Data items
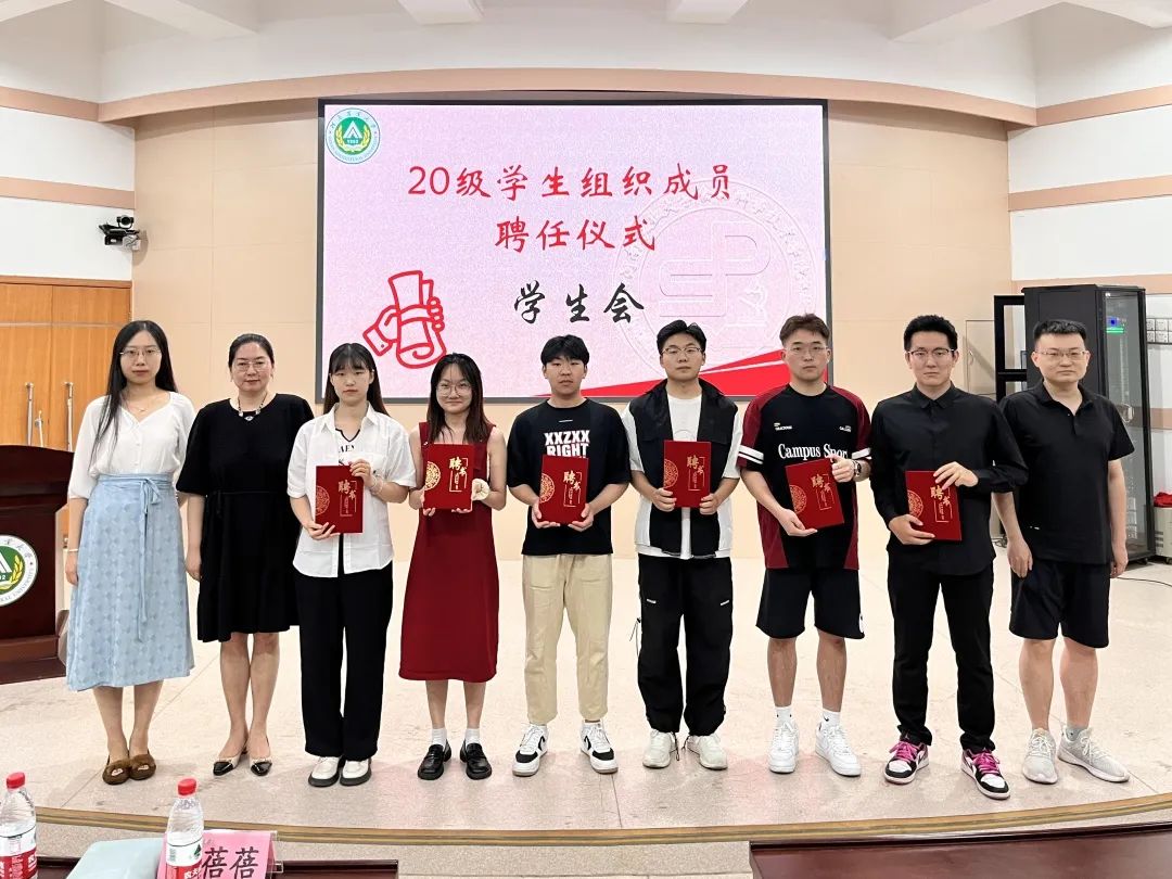 老师们为各学生组织20级成员颁发聘书,对他们过去一年的工作表示肯定,并进行合影留念。
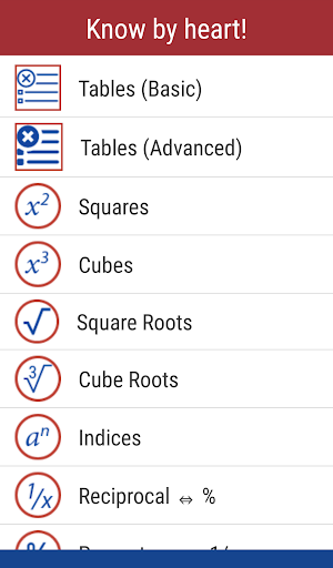 Helps you memorize useful, must-do maths stuff such as multiplication tables, squares, cubes, square roots etc.
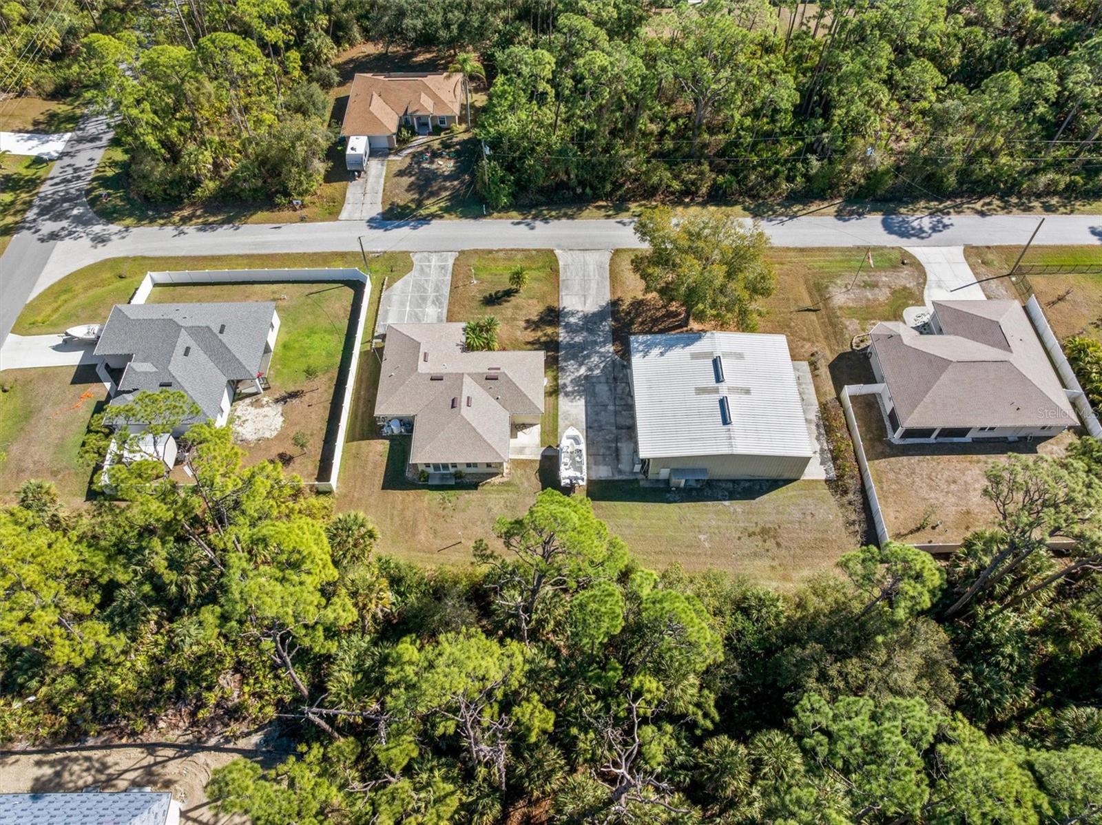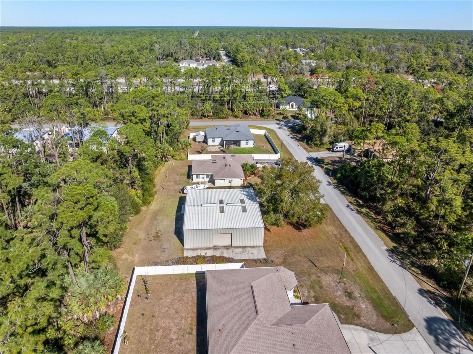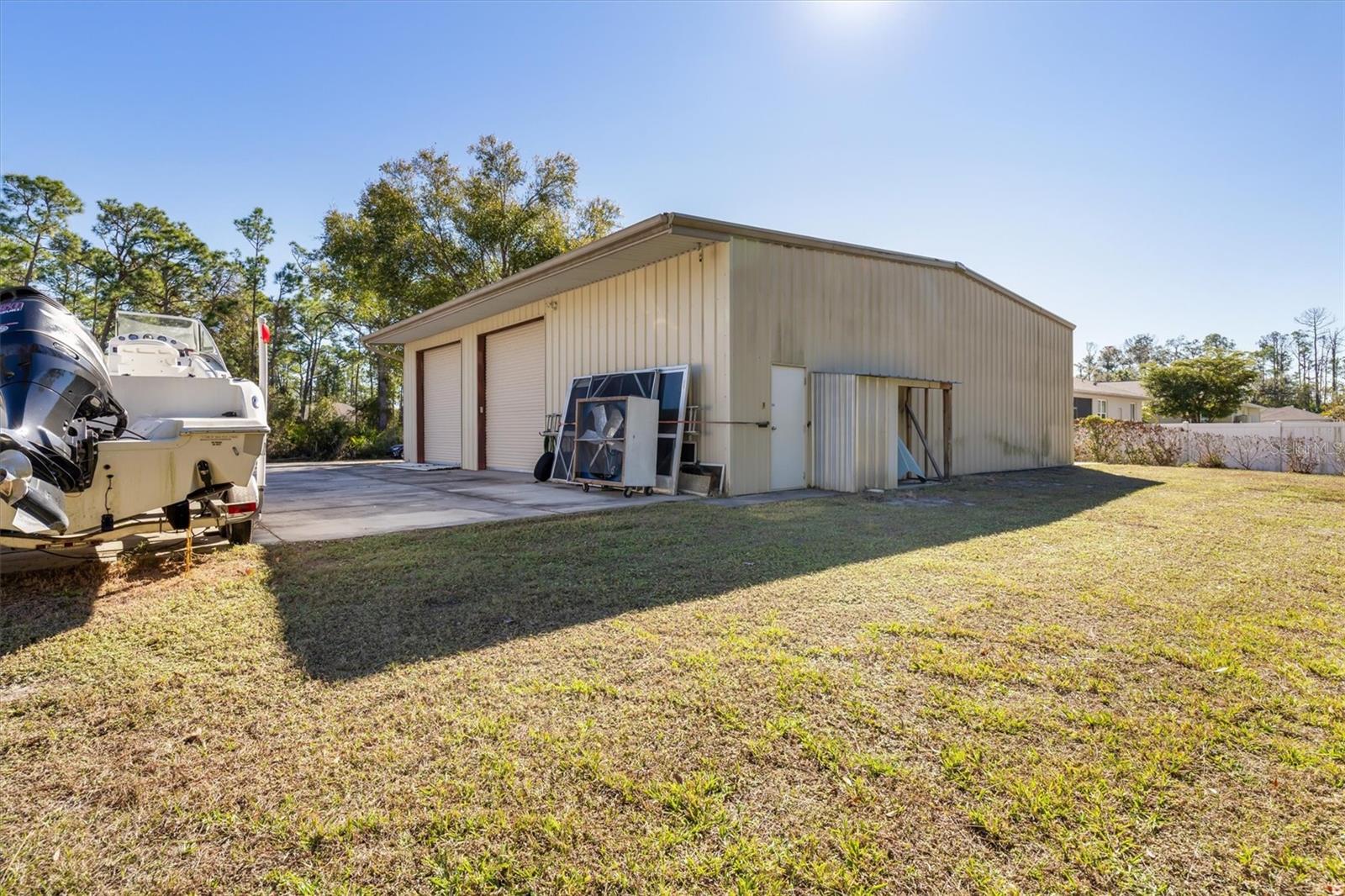 ATTENTION ALL CAR ENTHUSIASTS! This rare property delivers space, style, and serious storage on two generous lots. The showstopper is a massive 50x60 metal pre-fab building designed to hold 6–8 vehicles with ease, plus room for a boat, RV, workshop, or all three. Solid construction and wide concrete driveways make parking, storing, and working simple and stress-free. This is a hard-to-find setup that adds huge value and flexibility. The main home is a well-cared-for 3-bedroom, 2-bath split plan with a 2-car garage and beautiful curb appeal. Mature palms, manicured shrubs, and colorful accent rock frame the home and create a polished look. A new roof in 2023 and a new A/C system provide peace of mind and energy efficiency. Inside, the layout is bright and open. The living room features cathedral ceilings, laminate wood flooring, and two large windows that fill the space with natural light. The kitchen connects seamlessly to the living and dining areas and includes white raised cabinetry, a pantry closet, stainless double sink, and a breakfast bar ideal for casual meals or entertaining. Just off the dining area is a standout bonus: a 493-square-foot air-conditioned room with rubber mat flooring. This flexible space works beautifully for fitness, yoga, hobbies, creative projects, or a game room. Sliding doors lead from the back family room to a concrete patio, perfect for grilling or relaxing outdoors. The backyard is quiet and peaceful, backed by a wooded view that adds privacy and charm. The primary bedroom includes crown molding, a ceiling fan, and a spacious walk-in closet. The private bath offers a walk-in tiled shower, large vanity with porcelain sink, and extra storage. Two additional bedrooms feature newer carpet and ceiling fans, with a nearby guest bath offering a tub/shower combo. Ceramic tile finishes the kitchen, baths, and entry for easy maintenance. Extra features include hurricane shutters, a water softener with aerator, and exceptional parking options. The home has a double concrete driveway, while the storage building boasts a triple-wide driveway plus additional concrete parking areas. Located minutes from shopping, schools, I-75, Wellen Park, the Atlanta Braves Stadium, Town Center Mall, and the new SMH hospital, this property combines convenience with unmatched space. Opportunities like this do not come around often—schedule a private showing today.
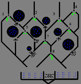 Die 6 Liter ganz links werden in 4 und 2 Liter aufgeteilt. 4 Fließen zu Verteiler 6, 2 daran vorbei. Letztere verenden in einem Schließmechanismus.
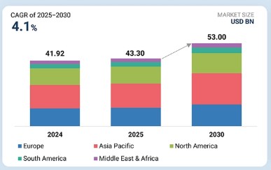 안료 분산 시장은 2025년 433억 달러에서 2030년 530억 달러 규모로 성장할 것으로 전망되며, 2025년부터 2030년까지 연평균 복합 성장률(CAGR) 4.1%를 기록할 것으로 예상됩니다. 안료 분산 시장은 페인트 및 코팅, 자동차, 포장, 플라스틱, 섬유 등 주요 최종 사용 산업의 수요 증가에 힘입어 견조한 성장세를 보이고 있습니다.
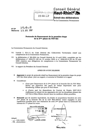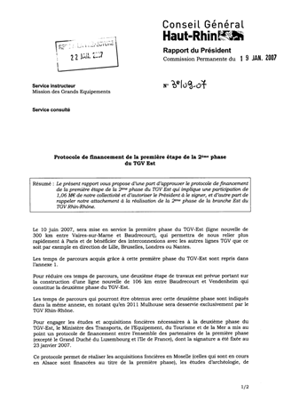 Le présent rapport vous propose d’une part d’approuver le protocole de financement de la première étape de la 2ème phase du TGV Est qui implique une participation de 1,06 M€ de notre collectivité et d’autoriser le Président à le signer, et d’autre part de rappeler notre attachement à la réalisation de la 2ème phase de la branche Est du TGV Rhin-Rhône.
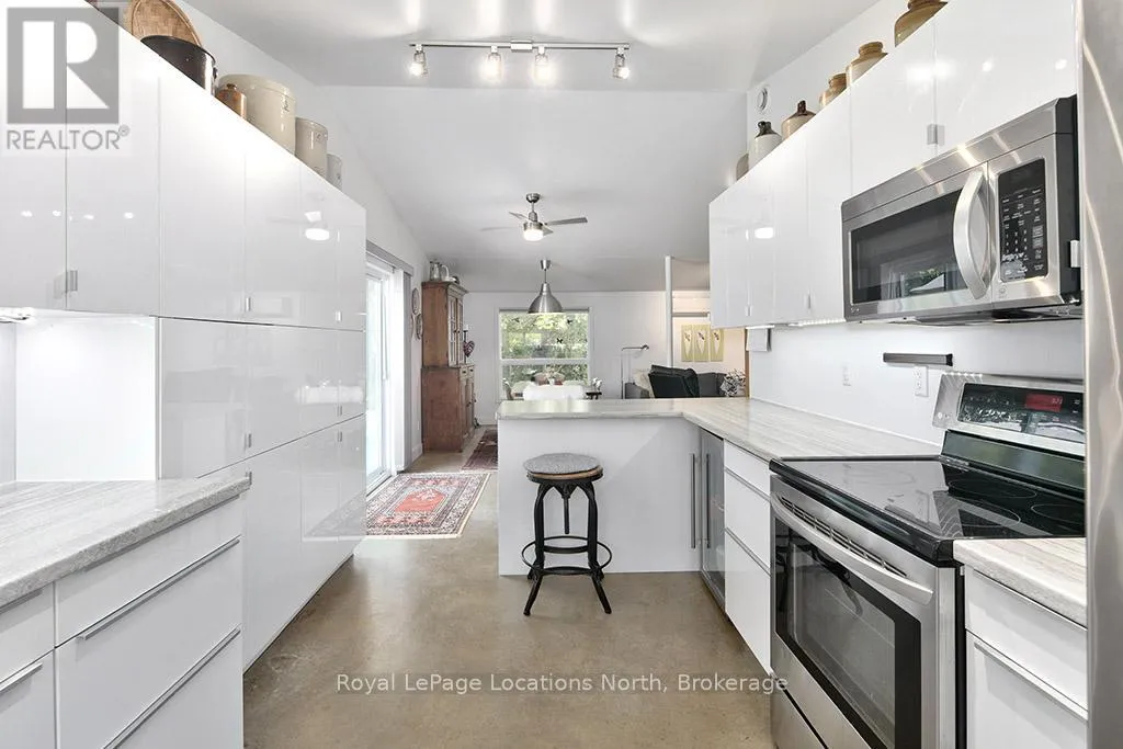 HWY 26 towards Meaford, past foodland, turn left onto Peel St S. Exceptional Multi-residential Investment Opportunity in Thornbury!Set on 4.6 acres in the heart of Thornbury, this unique property offers both immediate income and incredible development potential. The property consists of 9 fully tenanted rental unitsa mix of one- and two-bedroom townhomes.A proposed development plan outlines the potential for up to 30 units (subject to approvals), making this a rare opportunity for investors or developers looking to expand in one of the areas most sought-after communities.The main residence features a spacious living, dining, and kitchen area with a bright white kitchen, ample cupboard space, peninsula seating, and doors opening to a private back deck surrounded by mature trees. With 2 bedrooms and 2 bathrooms, its ideal as an owners unit or for additional rental income.Other units on the property provide a steady income stream, with all currently leased. Serviced by town water and septic, the property offers flexibility for future plans while continuing to deliver returns today.Perfectly located, its within walking distance to Downtown Thornbury, minutes across the road to Georgian Bay, and only a short drive to private ski and golf clubs in The Blue Mountains.Whether youre looking to sit back and collect rental income or explore the development potential, this property is a standout investment in Southern Georgian Bay.Square footage, bedroom/bathroom count and interior photos/video are from the main unit. (id:27476)

■ **What is needed**: Return each entry exactly as it stands above, apart from any images.

■ **Reply to the exercise**:
 老师们为各学生组织20级成员颁发聘书,对他们过去一年的工作表示肯定,并进行合影留念。
 Helps you memorize useful, must-do maths stuff such as multiplication tables, squares, cubes, square roots etc.
 ATTENTION ALL CAR ENTHUSIASTS! This rare property delivers space, style, and serious storage on two generous lots. The showstopper is a massive 50x60 metal pre-fab building designed to hold 6–8 vehicles with ease, plus room for a boat, RV, workshop, or all three. Solid construction and wide concrete driveways make parking, storing, and working simple and stress-free. This is a hard-to-find setup that adds huge value and flexibility. The main home is a well-cared-for 3-bedroom, 2-bath split plan with a 2-car garage and beautiful curb appeal. Mature palms, manicured shrubs, and colorful accent rock frame the home and create a polished look. A new roof in 2023 and a new A/C system provide peace of mind and energy efficiency. Inside, the layout is bright and open. The living room features cathedral ceilings, laminate wood flooring, and two large windows that fill the space with natural light. The kitchen connects seamlessly to the living and dining areas and includes white raised cabinetry, a pantry closet, stainless double sink, and a breakfast bar ideal for casual meals or entertaining. Just off the dining area is a standout bonus: a 493-square-foot air-conditioned room with rubber mat flooring. This flexible space works beautifully for fitness, yoga, hobbies, creative projects, or a game room. Sliding doors lead from the back family room to a concrete patio, perfect for grilling or relaxing outdoors. The backyard is quiet and peaceful, backed by a wooded view that adds privacy and charm. The primary bedroom includes crown molding, a ceiling fan, and a spacious walk-in closet. The private bath offers a walk-in tiled shower, large vanity with porcelain sink, and extra storage. Two additional bedrooms feature newer carpet and ceiling fans, with a nearby guest bath offering a tub/shower combo. Ceramic tile finishes the kitchen, baths, and entry for easy maintenance. Extra features include hurricane shutters, a water softener with aerator, and exceptional parking options. The home has a double concrete driveway, while the storage building boasts a triple-wide driveway plus additional concrete parking areas. Located minutes from shopping, schools, I-75, Wellen Park, the Atlanta Braves Stadium, Town Center Mall, and the new SMH hospital, this property combines convenience with unmatched space. Opportunities like this do not come around often—schedule a private showing today.
 Die 6 Liter ganz links werden in 4 und 2 Liter aufgeteilt. 4 Fließen zu Verteiler 6, 2 daran vorbei. Letztere verenden in einem Schließmechanismus.
 안료 분산 시장은 2025년 433억 달러에서 2030년 530억 달러 규모로 성장할 것으로 전망되며, 2025년부터 2030년까지 연평균 복합 성장률(CAGR) 4.1%를 기록할 것으로 예상됩니다. 안료 분산 시장은 페인트 및 코팅, 자동차, 포장, 플라스틱, 섬유 등 주요 최종 사용 산업의 수요 증가에 힘입어 견조한 성장세를 보이고 있습니다.
 Le présent rapport vous propose d’une part d’approuver le protocole de financement de la première étape de la 2ème phase du TGV Est qui implique une participation de 1,06 M€ de notre collectivité et d’autoriser le Président à le signer, et d’autre part de rappeler notre attachement à la réalisation de la 2ème phase de la branche Est du TGV Rhin-Rhône.
 HWY 26 towards Meaford, past foodland, turn left onto Peel St S. Exceptional Multi-residential Investment Opportunity in Thornbury!Set on 4.6 acres in the heart of Thornbury, this unique property offers both immediate income and incredible development potential. The property consists of 9 fully tenanted rental unitsa mix of one- and two-bedroom townhomes.A proposed development plan outlines the potential for up to 30 units (subject to approvals), making this a rare opportunity for investors or developers looking to expand in one of the areas most sought-after communities.The main residence features a spacious living, dining, and kitchen area with a bright white kitchen, ample cupboard space, peninsula seating, and doors opening to a private back deck surrounded by mature trees. With 2 bedrooms and 2 bathrooms, its ideal as an owners unit or for additional rental income.Other units on the property provide a steady income stream, with all currently leased. Serviced by town water and septic, the property offers flexibility for future plans while continuing to deliver returns today.Perfectly located, its within walking distance to Downtown Thornbury, minutes across the road to Georgian Bay, and only a short drive to private ski and golf clubs in The Blue Mountains.Whether youre looking to sit back and collect rental income or explore the development potential, this property is a standout investment in Southern Georgian Bay.Square footage, bedroom/bathroom count and interior photos/video are from the main unit. (id:27476)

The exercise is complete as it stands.